Look below for the line containing "The copper base" and the line containing "Beige Plaid Quilt", then set down both and every line between them exactly, without pictures.

********

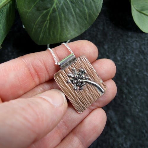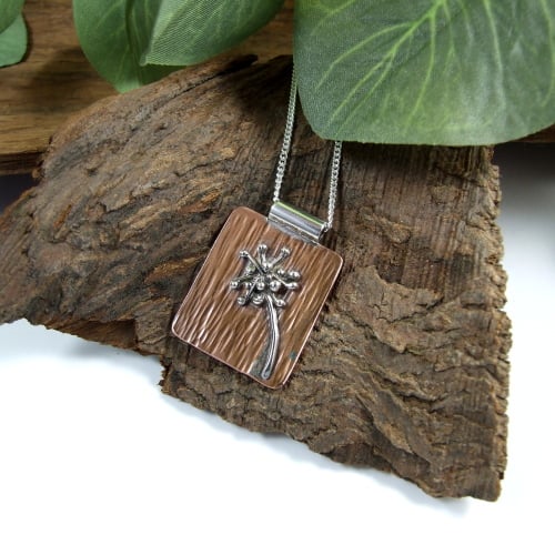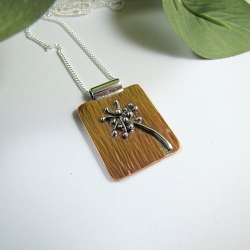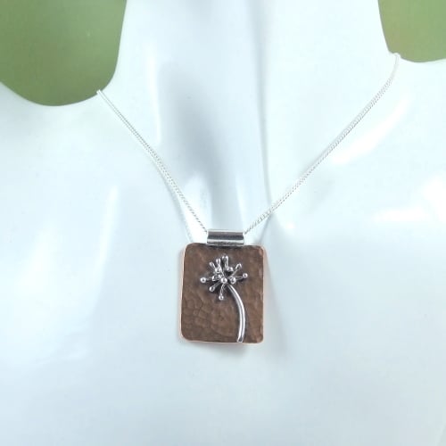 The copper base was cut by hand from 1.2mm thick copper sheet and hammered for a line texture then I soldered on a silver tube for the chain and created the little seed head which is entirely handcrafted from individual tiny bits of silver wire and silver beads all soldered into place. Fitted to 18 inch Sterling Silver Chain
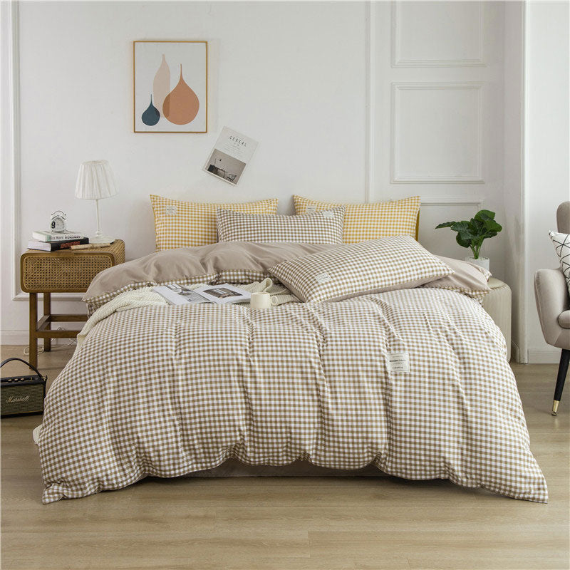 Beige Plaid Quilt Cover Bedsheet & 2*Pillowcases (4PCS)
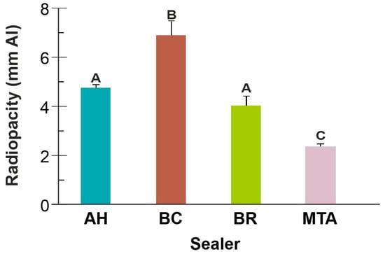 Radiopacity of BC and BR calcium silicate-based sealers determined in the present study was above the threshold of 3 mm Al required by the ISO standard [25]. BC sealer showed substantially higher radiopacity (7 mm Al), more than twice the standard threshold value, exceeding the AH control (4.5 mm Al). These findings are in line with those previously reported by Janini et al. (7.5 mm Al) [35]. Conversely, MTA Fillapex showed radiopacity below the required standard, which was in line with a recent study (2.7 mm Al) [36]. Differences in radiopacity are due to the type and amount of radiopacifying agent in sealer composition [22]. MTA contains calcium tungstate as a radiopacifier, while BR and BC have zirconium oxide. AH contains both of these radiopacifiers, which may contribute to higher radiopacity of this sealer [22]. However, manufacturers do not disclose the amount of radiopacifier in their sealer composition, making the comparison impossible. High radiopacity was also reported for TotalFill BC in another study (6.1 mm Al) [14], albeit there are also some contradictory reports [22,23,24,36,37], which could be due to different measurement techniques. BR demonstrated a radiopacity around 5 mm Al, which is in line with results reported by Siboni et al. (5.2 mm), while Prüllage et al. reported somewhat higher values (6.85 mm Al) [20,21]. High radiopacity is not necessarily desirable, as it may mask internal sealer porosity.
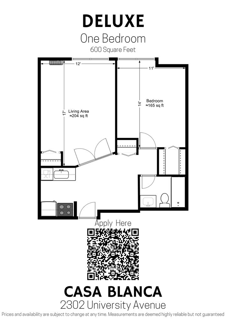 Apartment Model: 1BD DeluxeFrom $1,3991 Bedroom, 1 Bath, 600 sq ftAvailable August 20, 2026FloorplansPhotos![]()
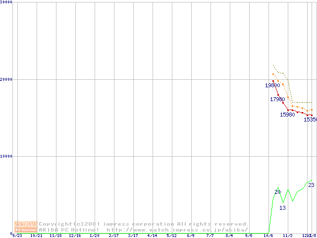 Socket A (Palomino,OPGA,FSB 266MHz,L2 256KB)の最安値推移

********

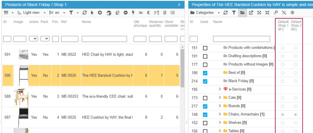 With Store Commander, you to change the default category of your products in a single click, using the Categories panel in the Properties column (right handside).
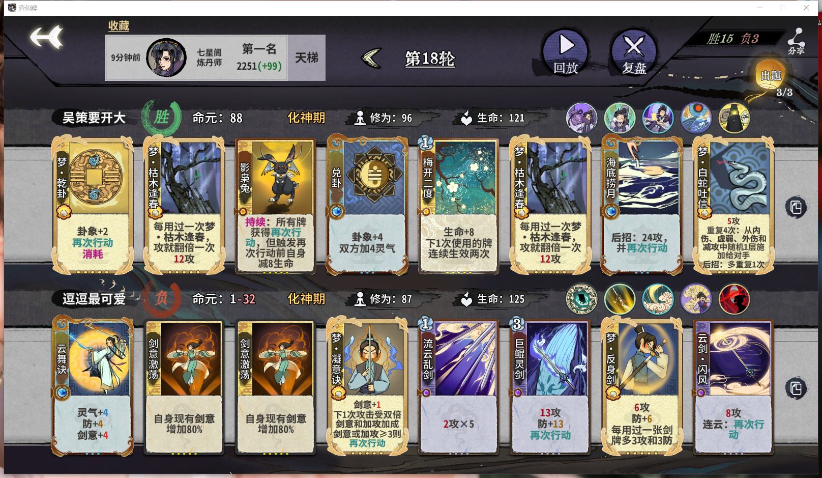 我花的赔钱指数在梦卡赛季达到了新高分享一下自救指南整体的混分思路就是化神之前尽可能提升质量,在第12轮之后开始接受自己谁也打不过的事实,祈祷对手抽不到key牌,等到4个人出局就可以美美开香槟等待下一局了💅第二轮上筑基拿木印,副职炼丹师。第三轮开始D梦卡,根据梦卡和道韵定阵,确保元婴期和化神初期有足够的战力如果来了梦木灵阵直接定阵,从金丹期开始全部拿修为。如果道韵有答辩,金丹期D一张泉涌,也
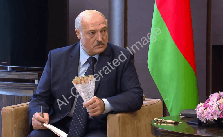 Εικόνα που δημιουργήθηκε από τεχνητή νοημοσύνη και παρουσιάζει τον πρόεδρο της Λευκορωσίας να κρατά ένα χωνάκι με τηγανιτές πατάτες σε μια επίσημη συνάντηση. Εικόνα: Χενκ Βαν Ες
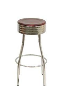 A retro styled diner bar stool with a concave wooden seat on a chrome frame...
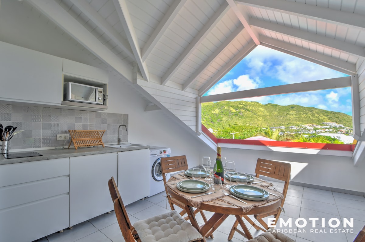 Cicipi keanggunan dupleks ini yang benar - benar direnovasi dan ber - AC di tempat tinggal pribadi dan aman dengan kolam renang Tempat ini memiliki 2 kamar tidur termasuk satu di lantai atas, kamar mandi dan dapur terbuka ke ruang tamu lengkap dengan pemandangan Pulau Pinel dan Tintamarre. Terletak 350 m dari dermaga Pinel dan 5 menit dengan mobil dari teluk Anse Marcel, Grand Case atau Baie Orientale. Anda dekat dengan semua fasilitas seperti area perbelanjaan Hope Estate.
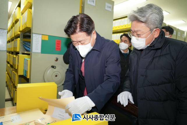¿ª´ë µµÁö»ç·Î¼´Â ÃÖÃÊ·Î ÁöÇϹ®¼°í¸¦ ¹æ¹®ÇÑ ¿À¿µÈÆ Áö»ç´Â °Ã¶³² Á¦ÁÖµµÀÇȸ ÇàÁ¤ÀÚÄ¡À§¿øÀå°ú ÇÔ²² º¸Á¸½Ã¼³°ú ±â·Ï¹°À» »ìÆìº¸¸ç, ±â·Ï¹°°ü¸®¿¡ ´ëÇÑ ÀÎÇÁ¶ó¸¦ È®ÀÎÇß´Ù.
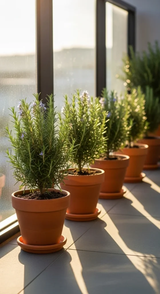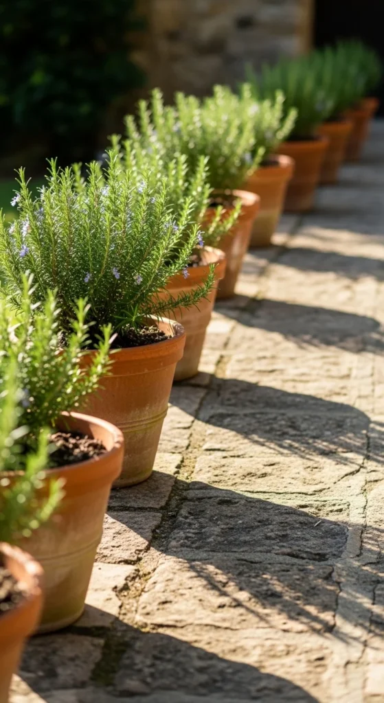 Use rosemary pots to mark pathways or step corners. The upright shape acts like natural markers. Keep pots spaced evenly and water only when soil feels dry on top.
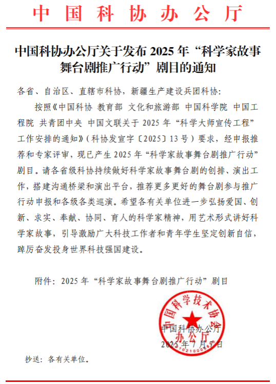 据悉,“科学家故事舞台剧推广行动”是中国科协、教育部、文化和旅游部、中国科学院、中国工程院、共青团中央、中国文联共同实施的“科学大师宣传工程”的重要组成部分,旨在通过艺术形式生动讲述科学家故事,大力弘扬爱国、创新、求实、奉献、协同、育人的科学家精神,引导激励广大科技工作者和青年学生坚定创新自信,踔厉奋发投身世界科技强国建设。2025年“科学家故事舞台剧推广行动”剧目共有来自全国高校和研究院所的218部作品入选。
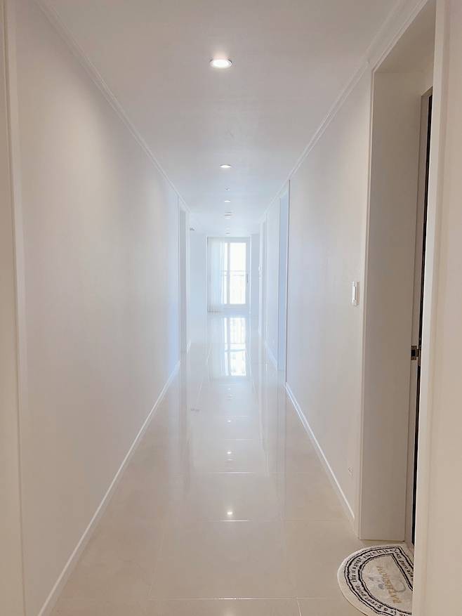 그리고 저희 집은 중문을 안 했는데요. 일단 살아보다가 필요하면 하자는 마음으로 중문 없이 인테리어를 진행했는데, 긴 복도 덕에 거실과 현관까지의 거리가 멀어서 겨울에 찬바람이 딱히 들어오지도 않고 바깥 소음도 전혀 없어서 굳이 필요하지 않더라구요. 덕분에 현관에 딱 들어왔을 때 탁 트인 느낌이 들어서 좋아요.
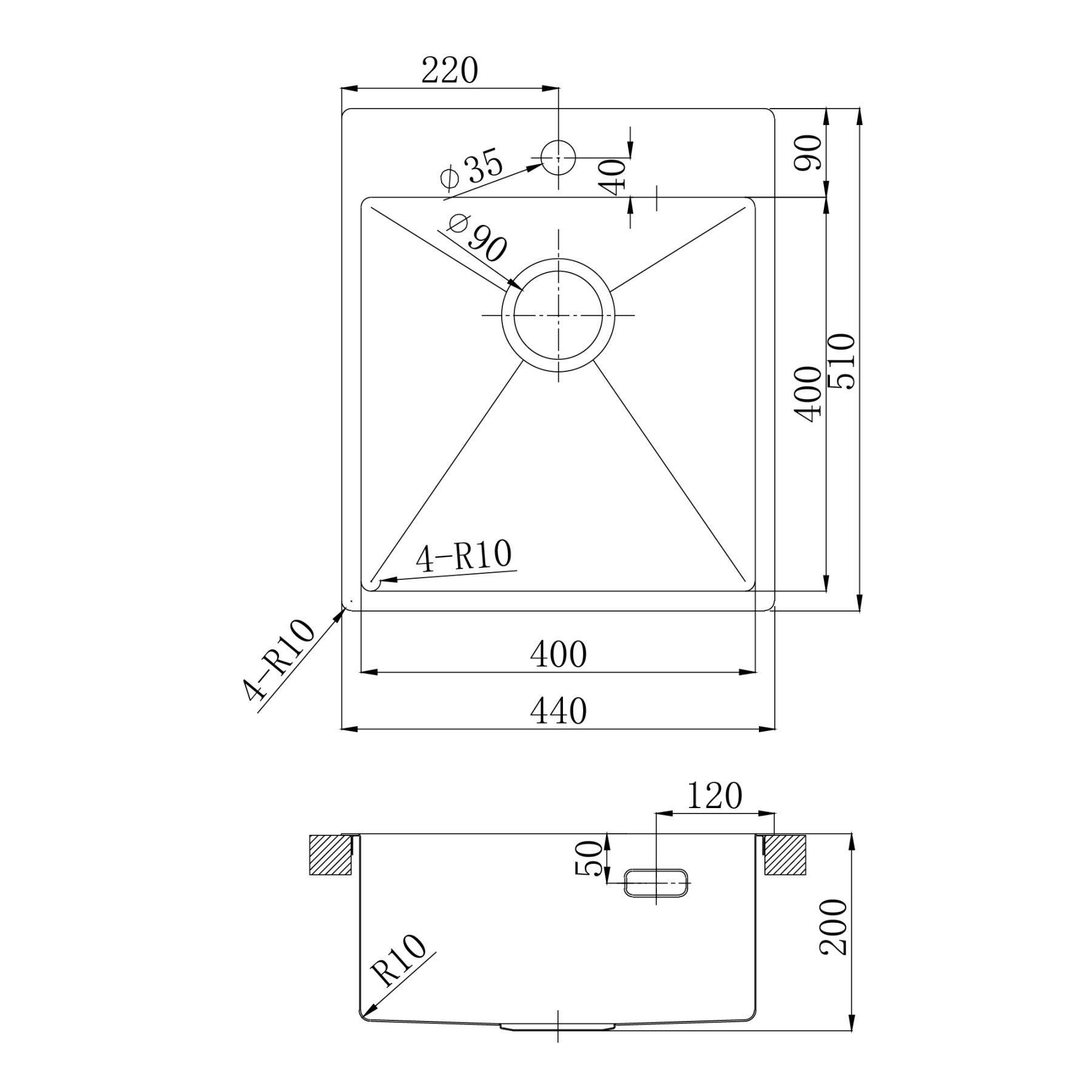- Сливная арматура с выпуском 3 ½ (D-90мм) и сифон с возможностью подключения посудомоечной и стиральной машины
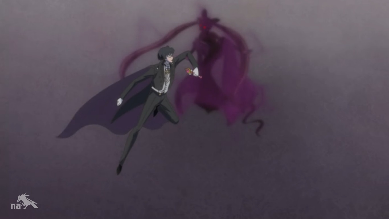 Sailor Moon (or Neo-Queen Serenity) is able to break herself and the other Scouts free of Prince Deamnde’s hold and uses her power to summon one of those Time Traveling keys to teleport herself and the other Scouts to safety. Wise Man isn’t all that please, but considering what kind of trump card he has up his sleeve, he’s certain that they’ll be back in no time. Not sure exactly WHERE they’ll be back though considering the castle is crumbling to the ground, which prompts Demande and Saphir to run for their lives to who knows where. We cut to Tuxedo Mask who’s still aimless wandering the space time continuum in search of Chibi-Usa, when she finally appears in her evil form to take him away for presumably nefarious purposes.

********

[TASK RESPONSE]:
 The copper base was cut by hand from 1.2mm thick copper sheet and hammered for a line texture then I soldered on a silver tube for the chain and created the little seed head which is entirely handcrafted from individual tiny bits of silver wire and silver beads all soldered into place. Fitted to 18 inch Sterling Silver Chain
 Beige Plaid Quilt Cover Bedsheet & 2*Pillowcases (4PCS)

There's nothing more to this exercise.